Tuesday, January 26, 2010

Project U.S.A.

It's been a year since the presidential campaign, an exhaustingly difficult and risky project, was successfully concluded by Barack Obama. He was elected on a wave of optimism and expectation.

Now, just past the first anniversary of that big win, the mighty wave has ebbed. In fact, the follow-on project that is actual service in office is getting bashed around in some very nasty rapids.

What happened? Shouldn't the historic level of Obama/Democratic victory have guaranteed a lengthy period of broad support for the policies that would implement the campaign promises? Why are Democrats now desperately scrambling to the right, or to the door? Why does it feel as if the public has turned against the administration it boosted so improbably to power so recently? Was the triumph empty?

Let's look at the available evidence through a Project Management lens. Caution: President Obama, Rahm Emanuel and company have not shared their thoughts with us, so this is strictly winging on what can be known from the safe distance of total noninvolvement.

The very first point to be made is that sliding sideways from one project to another is invariably fatal. If ever there was proof that a bright line must be drawn between separate but related projects, this is it. Once a clear goal has been reached (getting elected), the table must be cleared and a brand-new project plan begun (getting things done). Any assumptions imported from the previous round must be rigorously vetted. Did the new team do that?

Sticking just with the past year, what were the foundational elements of the project that was launched on January 20, 2009? The election results, both presidential and congressional, were of course a major factor. The horror of the economy was, too, as were the costly, bloody, unpopular wars in Iraq and Afghanistan.

The stakeholders included the president and his coterie of close advisers, the hierarchies of the two houses of Congress, the wildly differing members of those bodies, the two major political parties, the public and the hydra-headed cacophony of multitudes loosely referred to as "the media." And, of course, bankers, homeowners, voters of all persuasions, etc.

A central function of successful Project Management is to analyze each stakeholder for potential impact on the project and for positive and negative characteristics, most especially seeking to understand how best to maximize this group/person's productive integraton into the project. Or, as necessary, neutralize its power to cause harm.

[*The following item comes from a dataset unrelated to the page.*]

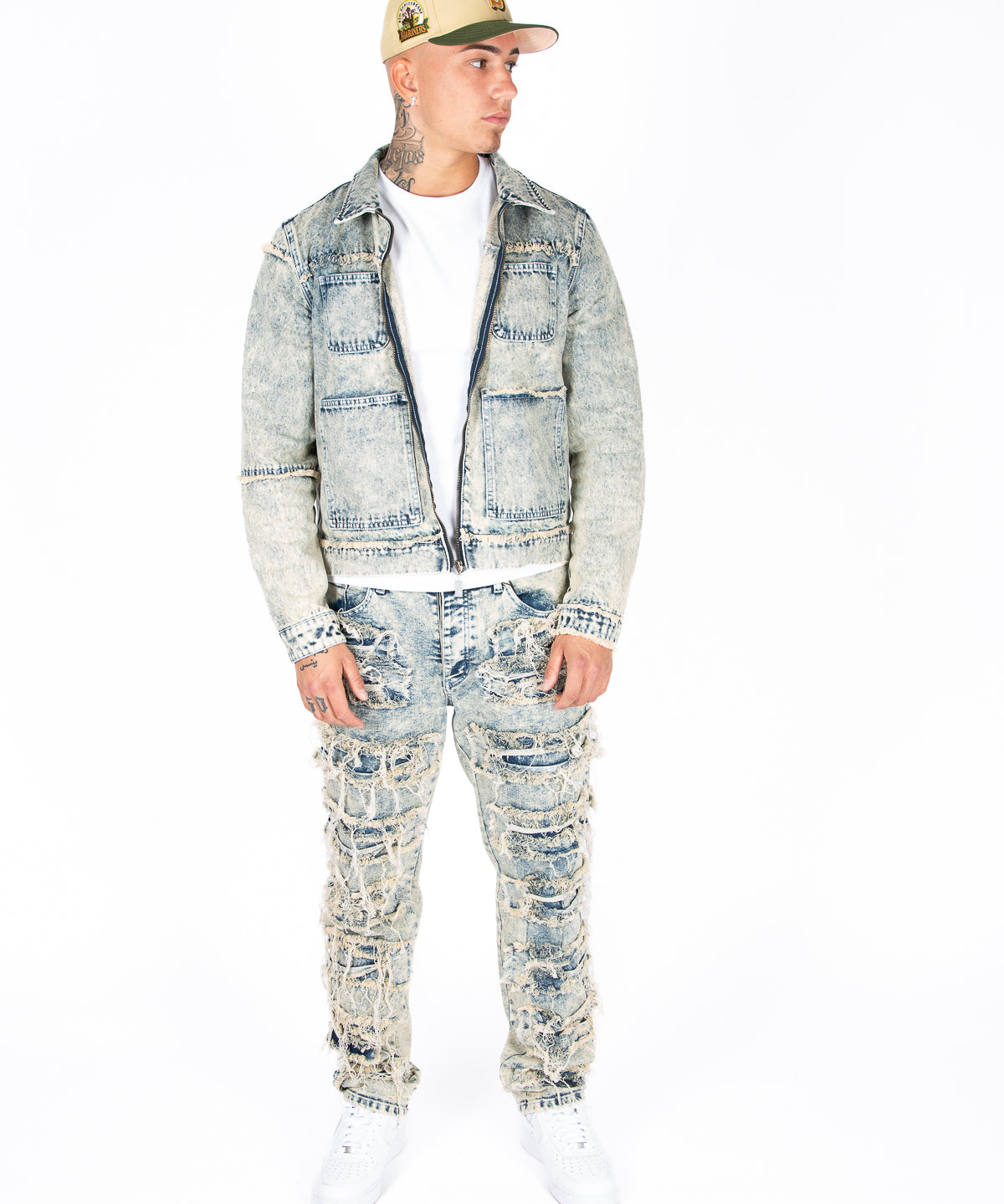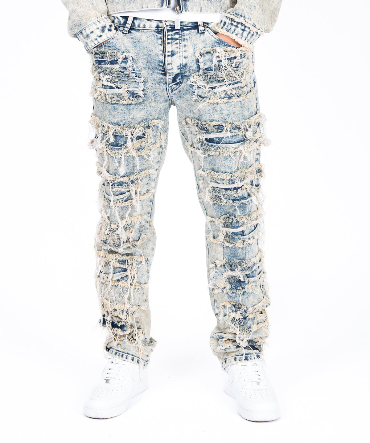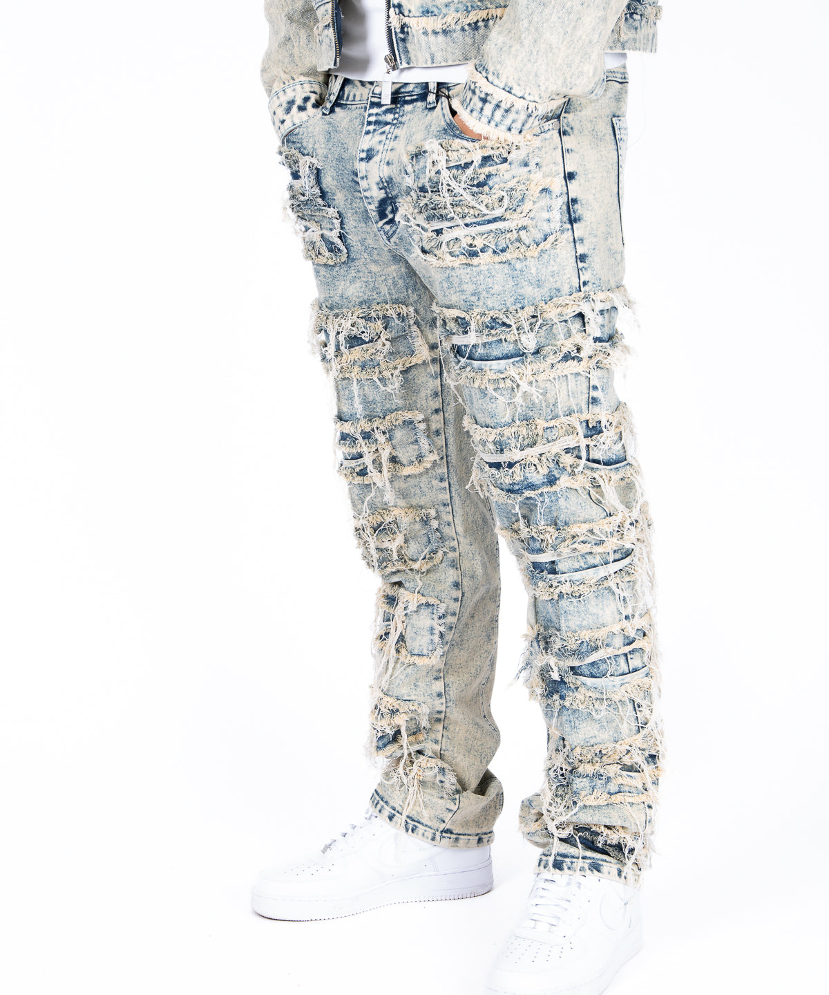 Raw Indigo Mid Rise Contrast Stitch Baggy Jeans
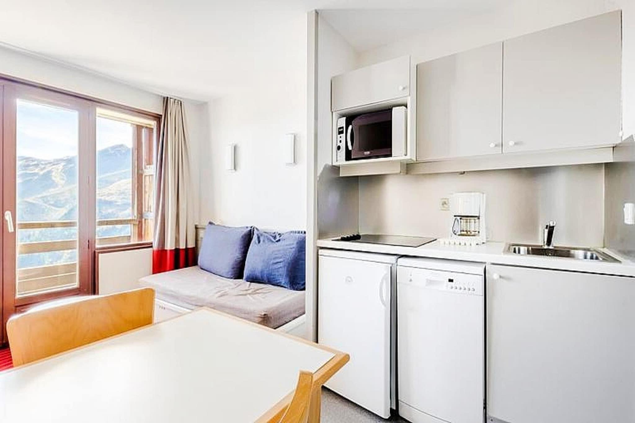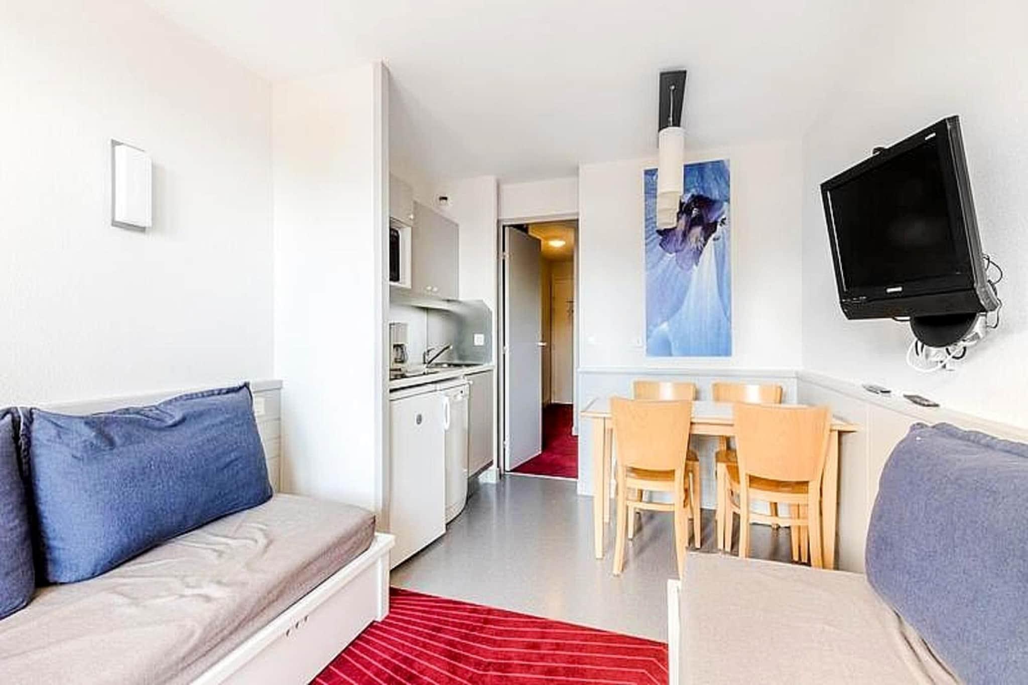 Denna mysiga lägenhet ligger i det pittoreska området Crozats och erbjuder en fridfull tillflyktsort i bergen med moderna bekvämligheter. Boendet är på cirka 24 m² och har ett vardagsrum med två bäddsoffor, ett sovrum med en dubbelsäng och ett badrum med badkar och toalett. Lägenheten har en balkong med fantastisk utsikt över bergen och gott om förvaringsutrymme. Husdjur är välkomna (extra avgifter tillkommer), vilket gör det till ett perfekt val för familjer eller par som reser med sina lurviga vänner. Sängkläder ingår, och babykit finns att hyra för att säkerställa en bekväm vistelse. Boendet ligger på höjden av semesterorten Avoriaz och erbjuder direkt tillgång till de berömda skidområdena Avoriaz och Portes du Soleil. Gästerna kan enkelt utforska närliggande butiker, kaféer och den livliga semesterortens centrum via hissar eller pendelservice. Läget är idealiskt för vintersportentusiaster, med skidbackar bara några steg bort, medan sommargäster kan njuta av vandringsleder och hisnande utsikt över Morzinedalen. Denna välskötta lägenhet har ett öppet kök utrustat med moderna apparater, inklusive ett kylskåp och mikrovågsugn, perfekt för att laga mat efter en dag av äventyr. Ytterligare bekvämligheter inkluderar en TV, parkering under tak (bokning krävs) och obligatorisk slutstädning för extra bekvämlighet. Handdukar och daglig städning erbjuds mot en extra kostnad, vilket garanterar en bekväm och problemfri semester.

This process should, to the greatest extent possible and necessary, go to the individual level rather than simply examine classes, organizations and groups. Within each collection of people, no matter how large, there is a very small nucleus -- sometimes an individual -- who holds tremendous sway over the thinking of the reaction-prone majority. Who are the influencers in any organization, and how are they to be influenced?

The development of the rational base for a project goes on to similarly dissect the nonhuman factors in the pre-existing situation, and applies hardheaded risk management processes to every meangingful segment, with generous allowance for unknowns. This is particularly true in a political project, even as it is particularly difficult.

Such practices head off the disaster that surely results from thoughtlessly skating from big success into an abyss of unexamined reality loaded with risk. The analysis counters a tendency to assume certain attitudes and likely actions from possible allies and opponents. While you know an agent of change is going to run into resistance, doing your homework can be of enormous value in reducing unnecessary damage from the unexpected.

Did the Obama administration blunder into traps because of superficial analysis and poor decision-making based on sloppy assumptions?

Or are we, not privy to the inner thinking at the White House, missing the fact that this is a four-year project? A skyscraper one-quarter built doesn't look too user-friendly, either. What if this chess game of a project has many moves ahead that will astound us?